I spent the weekend trying to see what the state of the art is for iPhone development, and ended up getting pretty far along in making a native iPhone game. (See http://robterrell.com/iphone_snapshot_0.jpg – the little figures are renders of the same models I originally used in Unity.)
What was really interesting was to learn that lots of useful CoreGraphics things, like OpenGL and CGGLContext, exist on the phone. There’s an OpenGLES library. No GLU or GLUT or glaux that I could find, though.
I don’t know any OpenGL at all, but if someone has some OpenGL code that can draw something interesting without GLUT or glaux, I’ll drop it into an iPhone app and we can see what it looks like.
Now to make this post relevant… even if it was software rendered 3D, it would be fantastic to develop for the iPhone in Unity. iPhone development is just Cocoa – I bet making an iPhone runtime for Unity wouldn’t be impossible, if you scale down your expectations.
The game in the screenshot is 2D (just bitmaps moving around). I just now tried to compile a true OpenGLES app for the iPhone but it can’t find the gl symbols (i.e. glBegin) at link time, even with the OpenGLES framework specified.
If you are 15, how long ago could you have possibly done that?
Also, do you have any tips to become smarter? I feel I got a slow start because all my parents did was watch TV and I didn’t know any better than to copy them.
Well, a long time ago relative to how long I’ve been programming. Considering I can now render Quake 3 maps, with a FPS camera view, and collision (but terrible collision response :(… Still need to work on physics), I’d say a year in tennager years, or 3 months in regular time
Umm…lol.
Get some type of motivation, read, read, read, experiment, ask googles questions, give it a lot of dedication. Oh, and did I mention read?
Seriously, I pretty much just sat down, read tutorials, articles, parts of books, documentations, then looked at how other people implemented something (not always if I had a good idea what I was doing), then tried to do it better (and different). Basically, give it all you’ve got, and always thrive to make what you have better.
@bliprob, if you can’t run true OpenGL apps, then how did you run the game you showed a screenshot of?
I gave this matter some thought, and here’s my take:
Find something you don’t know how to do, then do it (say, make a game, make a small movie, make a kickass 3D engine).
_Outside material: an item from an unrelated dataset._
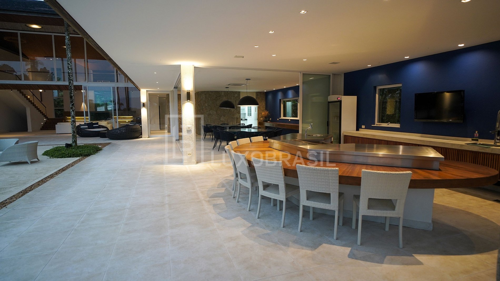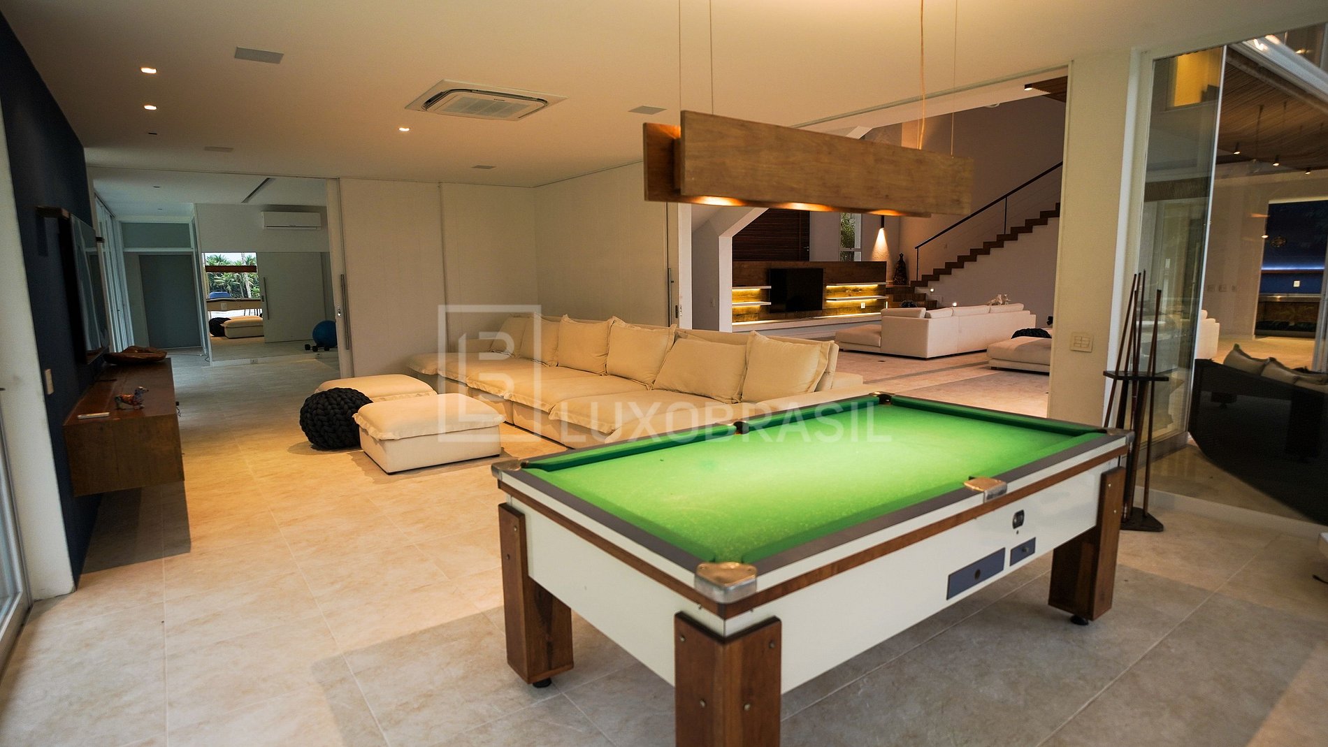 Os espaços integrados e exuberantes proporcionam uma experiência de vida fluída e elegante. A sala principal se funde harmoniosamente com o salão de jogos, criando uma atmosfera envolvente que se estende para as áreas de lazer da casa. A piscina de 25 metros, com sua extensão formando uma lagoa privativa, é uma verdadeira obra de arte aquática, enquanto a jacuzzi para seis adultos oferece um refúgio de serenidade com vistas panorâmicas deslumbrantes.

Follow it through all the way. Whenever you hit a stumbling block just keep chipping at it until it’s overcome.
This gives you (after a few years)
Some concrete knowledge (that will probably get outdated)
Problem solving skills (that carries into different fields just fine)
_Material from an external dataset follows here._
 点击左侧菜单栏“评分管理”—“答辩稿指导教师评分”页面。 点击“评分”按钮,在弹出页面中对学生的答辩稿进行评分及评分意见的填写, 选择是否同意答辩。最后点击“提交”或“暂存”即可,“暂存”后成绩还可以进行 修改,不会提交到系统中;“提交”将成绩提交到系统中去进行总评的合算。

Confidence that you can solve anything given enough time.
Doesn’t solve the “getting off to a slow start” problem, though - but you’ll probably live for some 70 years, so you’ve got plenty of time to catch up
@bronxbomber92: in the screenshot, the game uses 2D bitmaps taken from 3D renders of characters (in Cheetah 3d). All of the art is stored as PNG files, which are rendered using [UIImage compositeToPoint] in the draw loop. The bridge and water artwork was made by hand in Freehand and Photoshop. Yes, Freehand, the artist is old school.
I’d like to get some 3D working on the phone, but I don’t know how to get around the linker error.
Yeah, like Jon said, OpenGL ES is not the same as OpenGL. Think OpenGL with 80% of the historical cruft removed. The first six letters in the name are the same though
Wow, glBegin() is cruft? They must have cleaned the heck out of that API. Thanks for the tip. And sorry to spam the Unity forum with unrelated nonsense. I was just excited.
The hardware most likely only operates on some array representation (i.e. vertex buffer objects). So glBegin and friends are somehow emulated before going to the hardware. This is both inefficient and needs code in OpenGL runtime to implement the functionality. On embedded platforms those concerns are more important than on regular machines.